An `update' takes the advice to task
DEAR READERS >> Periodically, I publish “updates” to previous questions and answers published in this space.
I wrote to you as “Ghosted Uncle,” regarding how my late brother's wife and children had cut off contact with my family.
Things are largely unchanged.
After your advice basically chastising me, I did try for a time.
My efforts were never reciprocated or apparently appreciated.
In the past year I have returned two wedding invitations and a graduation announcement, as I really don't want anything to do with them at this point.
At times I have been told by other family members that my former sister-in-law and her children have had a lot of personal issues; in recent years I have asked that they not share any of these statements with me.
So, not much is new. I will say that I would have appreciated you showing me a fraction of the empathy you extended to my former sister-in-law.
But as I said back then, I asked for your opinion, so I got it.
— R
DEAR R >> Thank you for providing this update.
Most of the updates I receive from readers suggest positive change, and while I am cheered by this, I suspect that most of the people who write to me have experiences closer to yours.
I also understand your criticism of my response, and appreciate your willingness to take me to task.

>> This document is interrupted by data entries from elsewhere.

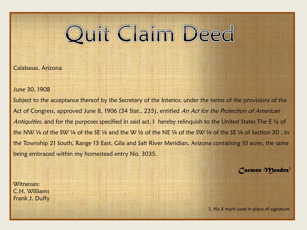 Quit Claim Deed Quit Claim Deed Calabasas, Arizona June 30, 1908 Subject to the acceptance thereof by the Secretary of the Interior, under the terms of the provisions of the Act of Congress, approved June 8, 1906 (34 Stat., 235), entitled An Act for the Protection of American Antiquities, and for the purposes specified in said act, I hereby relinquish to the United States The E of the NW of the SW of the SE and the W of the NE of the SW of the SE of Section 30 , in the Township 21 South, Range 13 East, Gila and Salt River Meridian, Arizona containing 10 acres, the same being embraced within my homestead entry No. 3035. Carmen Mendez1 Witnesses: C.H. Williams Frank J. Duffy 1. His X mark used in place of signature.
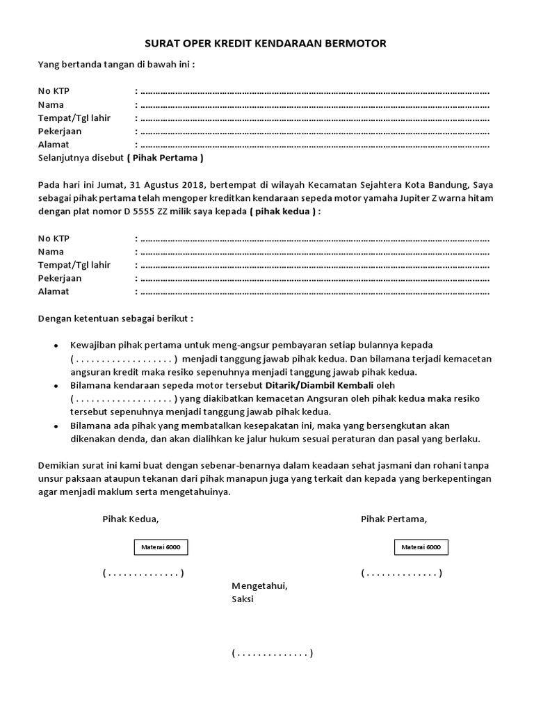 Jika ada sedang mencari Contoh Surat Perjanjian Over Kredit Motor.
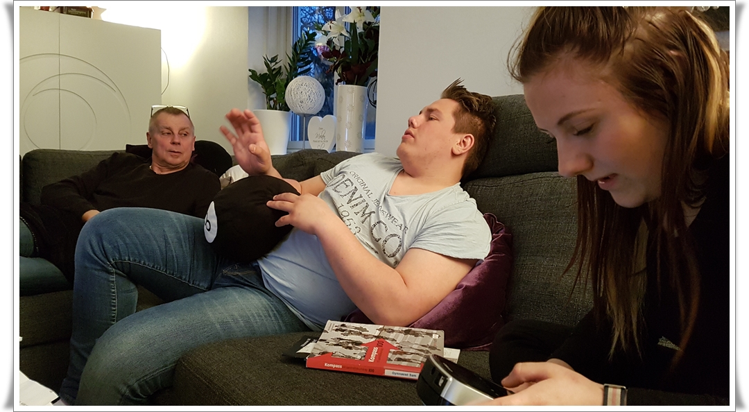 Malin & Tobbe kom hem och åt tacos. Vi tittade på film från Antons idrottslektion när han skulle göra gymnastiska övningar. Vi bara tjöt av skratt, så jäkla roligt 😂
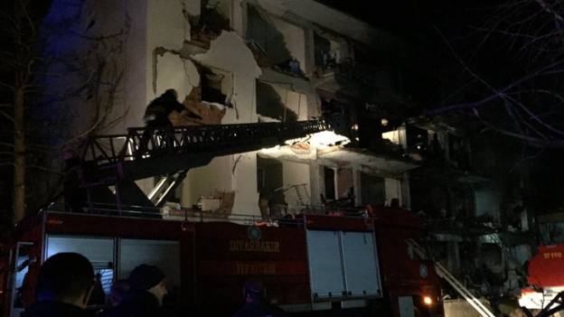 A woman and a baby are reported among the dead. Rescuers are searching through the rubble at the scene in Cinar district, Diyarbakir province.

My focus was on you trying to stay connected with the younger family members — not necessarily their mother.
However, I have to point out that even though you say your efforts have not been reciprocated or appreciated, these young family members have invited you to two weddings and a graduation.
You have refused these invites.
These invitations are the essence of reciprocation.
They are bids for connection, much like the ones you made. And now it is their turn to feel rejected.